Git LFS stores large binary files (model weights) in a separate blob store while keeping pointer files in the repo. It is supported by GitHub, GitLab, Gitea, and Bitbucket.
# Install Git LFS (one-time, on your workstation)
git lfs install

# In your model repository
git lfs track "*.safetensors" "*.bin" "*.pt" "*.gguf"
git add .gitattributes
git commit -m "track model weight files with LFS"

2. Download and push model weights

On a machine with internet access:
# Download from Hugging Face
pip install huggingface_hub
huggingface-cli download QuantTrio/Qwen3.5-9B-AWQ \
  --local-dir ./qwen35-9b-awq

# Push to your Git repository
cd your-model-repo
cp -r ./qwen35-9b-awq ./models/qwen35-9b-awq
git add models/qwen35-9b-awq
git commit -m "add Qwen3.5-9B-AWQ weights"
git push
LFS objects (the large weight files) are uploaded to your Git provider’s LFS storage automatically.

3. Create a pull secret in the cluster

Create a read-only access token in your Git provider, then store it as a Kubernetes Secret:
kubectl create secret generic model-repo-credentials \
  --namespace cobi \
  --from-literal=GIT_REPO_URL="https://github.com/your-org/your-model-repo.git" \
  --from-literal=GIT_USERNAME="<username-or-oauth2>" \
  --from-literal=GIT_TOKEN="<read-only-pat-or-deploy-token>"
For GitHub, create a fine-grained PAT with read-only access to the model repository. For GitLab, use a project deploy token with read_repository scope. For Gitea, create an application token.

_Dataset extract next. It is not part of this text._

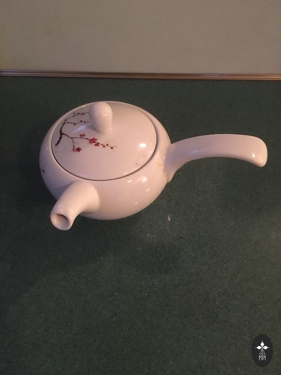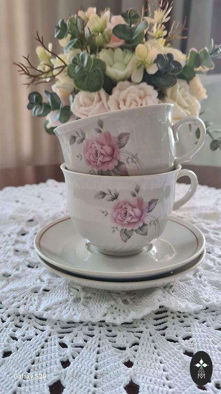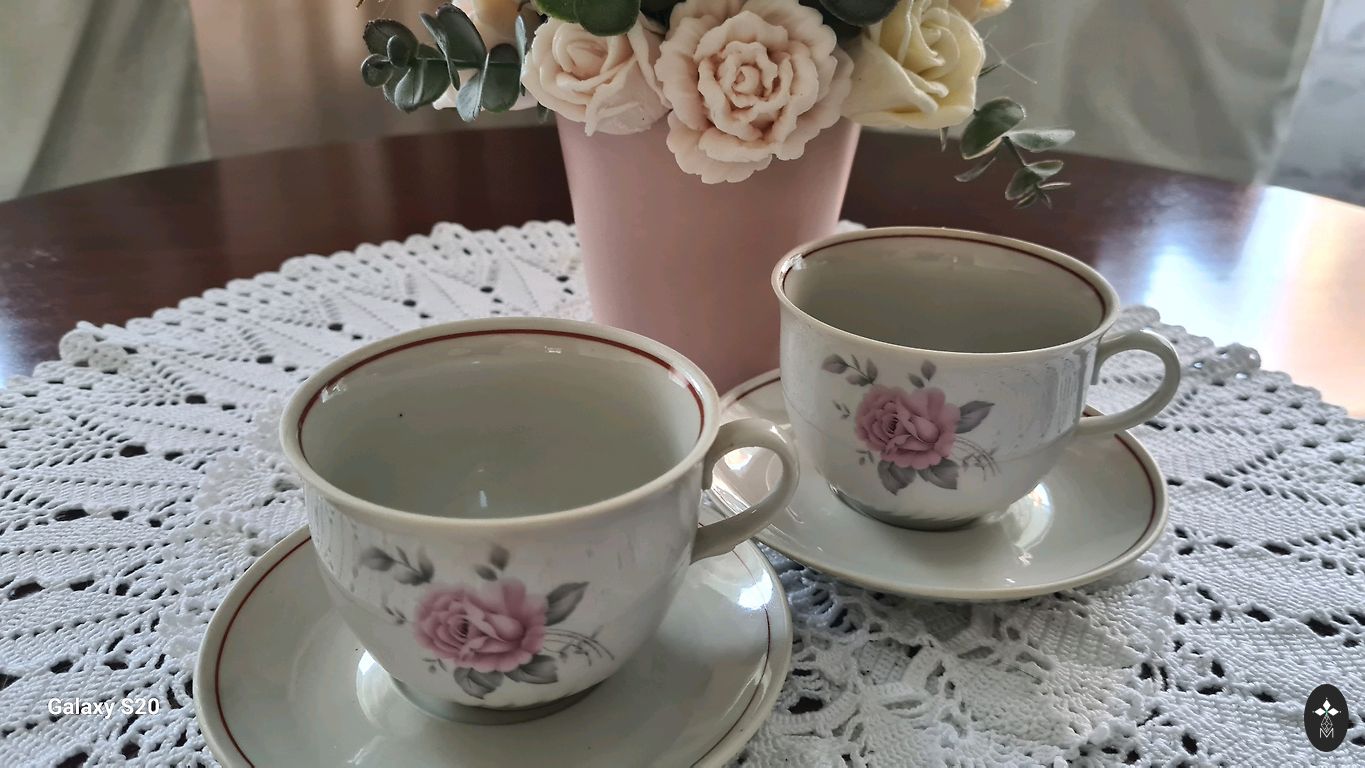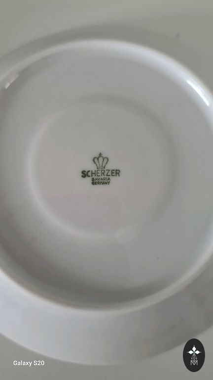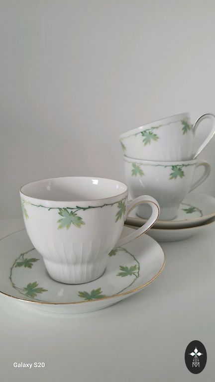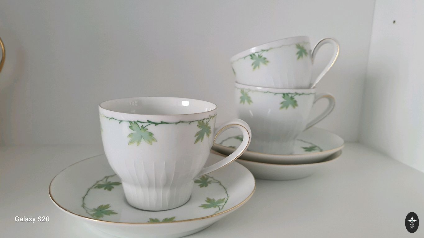 Teekann (kohvikann), suur koogitaldrik (alus), koorekann, suhkrutoos, 8 teetassi, 8 kohvitassi, 8 alustassi, 8 magustoidutaldrikut. Seisukord ideaalne, hoitud puhvetis.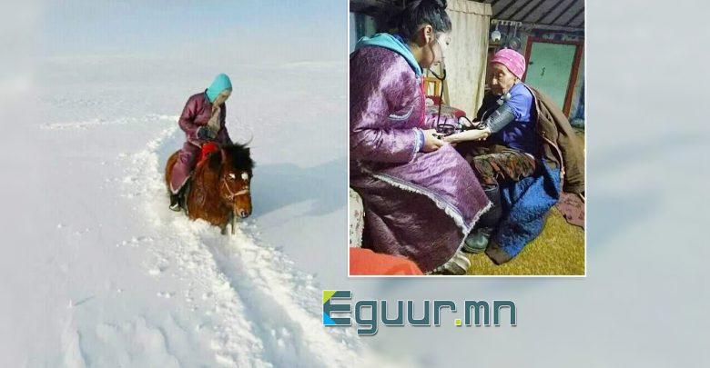 -Ямар нэгэн унаа олоод л явна. Замын унаанд дайгдана, мотоциклийн ард сундлана. Болохгүй бол ихэнхдээ мориор ч явчихдаг. Одоо өвлийн улиралд цас дарж, зөвхөн мориор явж хүрэх боломжтой газрууд бий болоод байна. Хамгийн ойрдоо бид 10-20 км явж тухайн айлд хүрнэ. Харин хамгийн холдоо 70-аад км явах болдог.

4. Configure the vLLM init container

Replace the busybox init container with an alpine/git image that clones the repo and pulls LFS files. The model weights land on the PVC at /data/model before vLLM starts.
vllmstack:
  enabled: true

  servingEngineSpec:
    enableEngine: true
    runtimeClassName: "nvidia"

    tolerations:
      - key: "nvidia.com/gpu"
        operator: "Exists"
        effect: "NoSchedule"

    modelSpec:
      - name: "qwen35-9b"
        repository: "vllm/vllm-openai"
        tag: "latest"
        modelURL: "/data/model/models/qwen35-9b-awq"   # local path — no HF download
        replicaCount: 1

        requestCPU: 4
        requestMemory: "28Gi"
        requestGPU: 1
        limitCPU: "4"
        limitMemory: "28Gi"
        shmSize: "2Gi"
        pvcStorage: "80Gi"
        pvcAccessMode:
          - ReadWriteOnce

        env:
          - name: TMPDIR
            value: /data/tmp
          - name: GIT_REPO_URL
            valueFrom:
              secretKeyRef:
                name: model-repo-credentials
                key: GIT_REPO_URL
          - name: GIT_USERNAME
            valueFrom:
              secretKeyRef:
                name: model-repo-credentials
                key: GIT_USERNAME
          - name: GIT_TOKEN
            valueFrom:
              secretKeyRef:
                name: model-repo-credentials
                key: GIT_TOKEN

        initContainer:
          name: pull-model-weights
          image: alpine/git:2.43.0
          command: ["sh"]
          args:
            - -c
            - |
              set -e
              mkdir -p /data/tmp /data/model /data/.cache
              chmod -R 777 /data
              # Skip clone if weights already exist (pod restart)
              if [ -d /data/model/models/qwen35-9b-awq ]; then
                echo "Model weights already present, skipping clone."
                exit 0
              fi
              # Install git-lfs
              apk add --no-cache git-lfs
              git lfs install
              # Clone with embedded credentials (shallow, LFS enabled)
              REPO_URL="https://${GIT_USERNAME}:${GIT_TOKEN}@$(echo $GIT_REPO_URL | sed 's|https://||')"
              git clone --depth=1 "$REPO_URL" /data/model
              echo "Model weights pulled successfully."
          mountPvcStorage: true

        vllmConfig:
          dtype: "float16"
          tensorParallelSize: 1
          maxModelLen: 8192
          gpuMemoryUtilization: 0.90
          enableChunkedPrefill: true
          enablePrefixCaching: false
          maxNumSeqs: 16
          extraArgs:
            - "--trust-remote-code"
            - "--quantization"
            - "awq"
            - "--enforce-eager"
            - "--attention-backend"
            - "flashinfer"
            - "--max-num-batched-tokens"
            - "1024"
            - "--disable-log-stats"

  routerSpec:
    enableRouter: false
The init container skips cloning if the weights directory already exists. This avoids re-downloading on pod restarts. If you push new weights to the repo, delete the PVC and let the pod reprovision.

Option B — MinIO

Since MinIO is already running in the cluster, you can use it as a model registry. Upload weights once; the init container fetches them on first pod start.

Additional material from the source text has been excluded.